長らく在席したホンダでは、2013年に鈴鹿サーキットのレーシングスクールを卒業し、上位カテゴリーへの参戦を支援してもらえるスカラシップを獲得。翌2014年にF4のFCクラスを制し、2015年は全日本F3でランキング4位を獲得し、F1参戦を再開したホンダの後押しを受けて海外挑戦の切符をつかんだ。
F1にも併催されたGP3シリーズ(現FIA-F3)を2年間戦い優勝も経験。2018年にはF1直下のF2にステップアップしたが、2019年には活動の場を再び日本に移し、SFやスーパーGTでタイトルを争う選手に成長した。「ホンダさんには感謝しています。スクール時代も含めると10年以上ですから。本当にいろいろな経験をさせてもらい、海外にも行かせてもらった」と振り返る。
新しい環境に身を置く思いで、2024年からトヨタへの移籍を決断した。「移籍して良かったということではなく、今は(ホンダ時代の)経験を生かせていると思う。だからこそ悪くないシーズンを過ごせていると思うし、全てがポジティブな方向に進んでいると思う」。メーカーの枠を超えた移籍という問題ではなく、一人のレーシングドライバーが試行錯誤を繰り返しながら経験を積み重ね、その一つひとつが血となり、肉となっているようだ。

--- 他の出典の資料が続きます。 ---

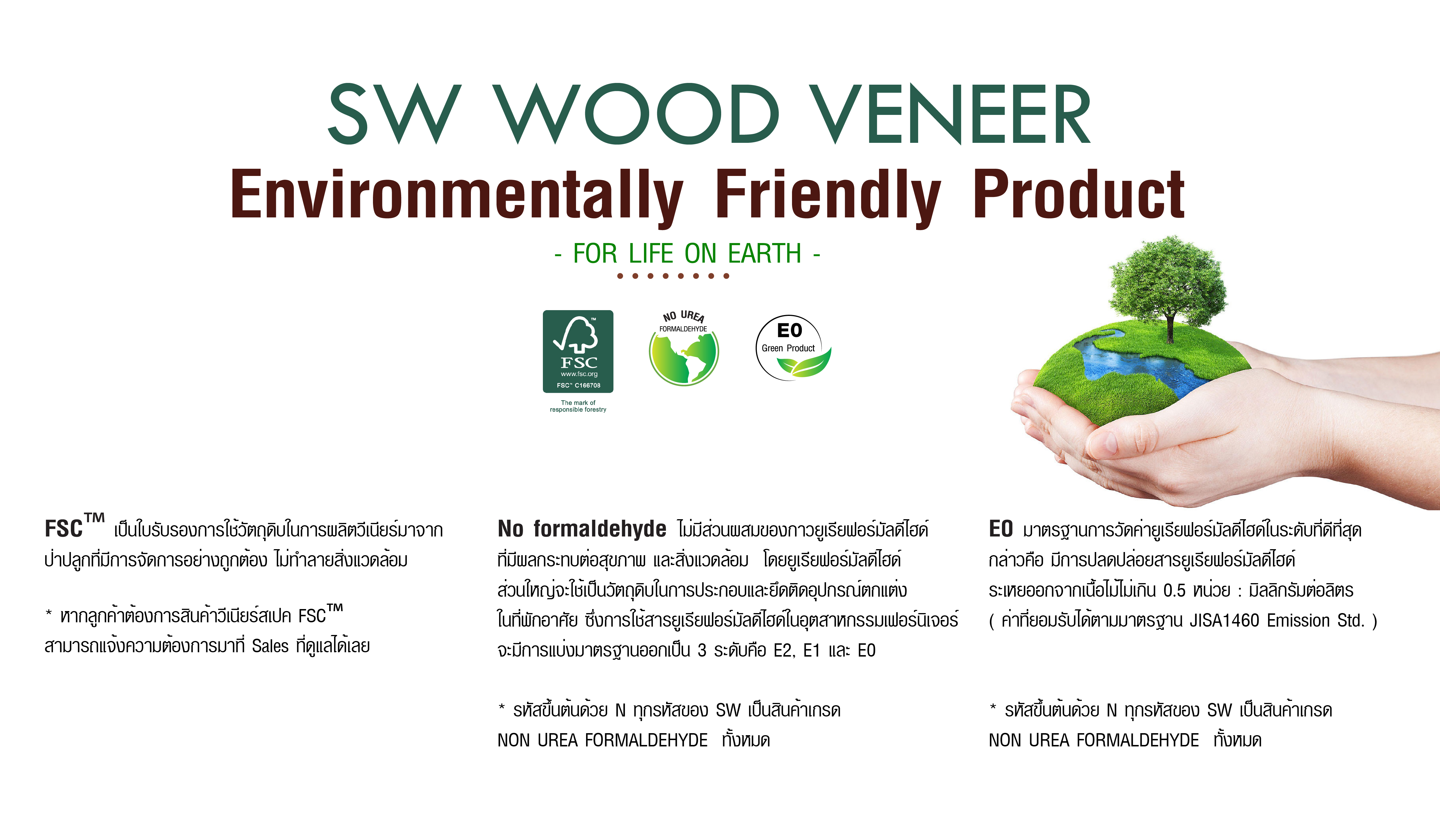 ไม้วีเนียร์ คัดสรรวีเนียร์คุณภาพจากทุกทวีปทั่วโลก โดยผลิตจากแหล่งป่าปลูกธรรมชาติที่ส่งเสริมให้มีการปลูก ต้นไม้ทดแทนหมุนเวียน และจัดการทรัพยากรอย่างเป็นระบบสู่งานออกแบบภายในที่ผสมผสานความเป็น ธรรมชาติเข้ากับความทันสมัยได้อย่างลงตัว เพื่อตอบสนองจินตนาการอันไร้ขีดจำกัด

「現在所属しているチームの方々や、ホンダ時代にお世話になった方々など、多くの方々に感謝の思いでいっぱいです。本当に多くのことを学ばせてもらいました」。心技体も含め、現在の自分を作り上げてくれた人々への感謝を、忘れることはないという。
そんな激動の日々を過ごしてきた福住の目標は、「まずは結果で恩返ししたい」という。そして「KCMGはシートがあるか分からない状態だった僕を選んでくれ、トヨタさんとROOKIE Racingはこんなチャンスを与えてくれた」と力説。安心して戦える環境を整えてくれた恩に報いる勝利であり、タイトル奪取で恩返しするため全力を尽くすことを誓う。

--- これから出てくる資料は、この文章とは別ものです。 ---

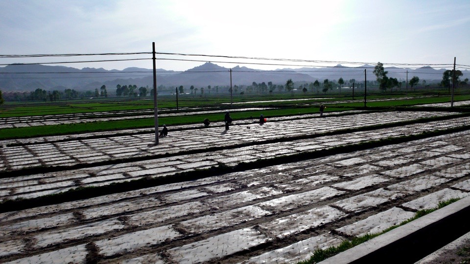 The farmers here had to put these plastic cover on the ground to keep the water from evaporating, or their crops will dry out and die.
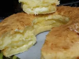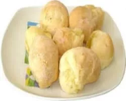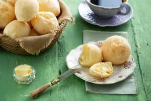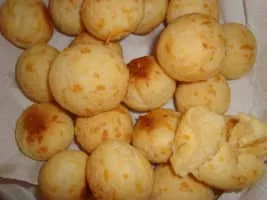 Pão de queijo or Brazilian cheese bread is a small, baked cheese roll or cheese bun, a popular snack and breakfast food in Brazil. It is a traditional Brazilian recipe, from the state of Minas Gerais.
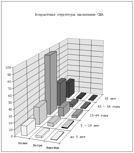 Возрастную и половую структуру населения США можно оценить по приведенным ниже диаграммам, которые составлялись по данным 1986 года. Общая численность населения тогда составляла 241,5 млн. человек (без учета военнослужащих и других граждан США за пределами территории 50 штатов страны).
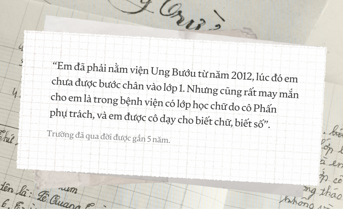 “Em đã phải nằm viện Ung Bướu từ năm 2012, lúc đó em chưa được bước chân vào lớp 1. Nhưng cũng rất may mắn cho em là trong bệnh viện có lớp học chữ do cô Phấn phụ trách, và em được cô dạy cho biết chữ, biết số”.

その先に見据えるのは、海外への再挑戦だろうか。トヨタはモリゾウこと豊田章男会長のドライバーに寄り添う方針から、国内レースで結果を残した選手に貴重なチャレンジの機会を提供している。昨年のSFとスーパーGTをダブル制覇した坪井翔が、今年8月上旬にMoneyGram Haas F1 Team(Haas)のTPCテストに初参加したのもその一環だ。すぐにF1参戦につながるものではないだろうが、レーシングドライバーとして世界一速いクルマに乗れる夢はかなえられるだろうし、新たな選択肢が生まれるかもしれない。

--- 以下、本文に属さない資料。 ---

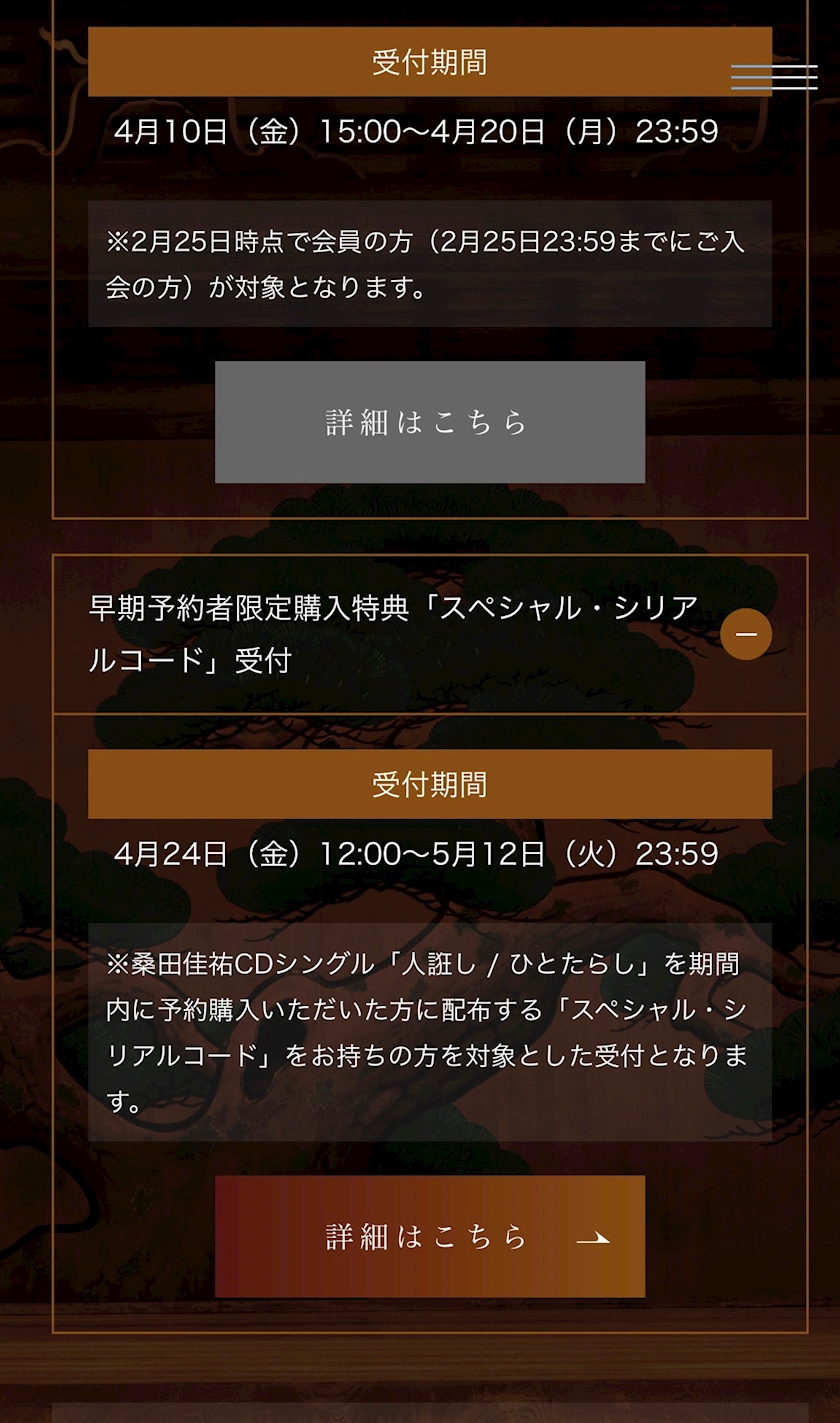 来月から桑田佳祐様の抽選受付が

「僕は移籍組ですが、坪井さんのようなチャンスをつかみたい。それがかなえられるのが、今のトヨタだと思います。そのために結果を積み重ねたい。チャンピオンを取って『福住どうだ?』と言ってもらえるような準備をしていきたい」
結果を残すのは大前提ながら、それだけではチャンスは訪れない。これまでさまざまな経験を重ねてきたが、その前向きな姿勢は今でも崩していない。今季はSF&スーパーGTに加え、ROOKIE Racingの一員としてスーパー耐久シリーズに参戦し、GT車両で争うGTワールドチャレンジ・アジアにもトヨタ系チームのKチューンズから参戦。「ものすごく忙しいけど、一つひとつが貴重な経験だと思ってチャレンジしている。きっとこの先につながると思う」と力を込めた。
酸いも甘いも経験してきたが、まだ28歳。大いなる可能性を秘めている。「結果を残していくと、自然とチャンスがやってくるものと思っている。そんな立ち位置でいられるよう、精進していきたい」。トヨタをしょって立つドライバーが、また一人、誕生しそうだ。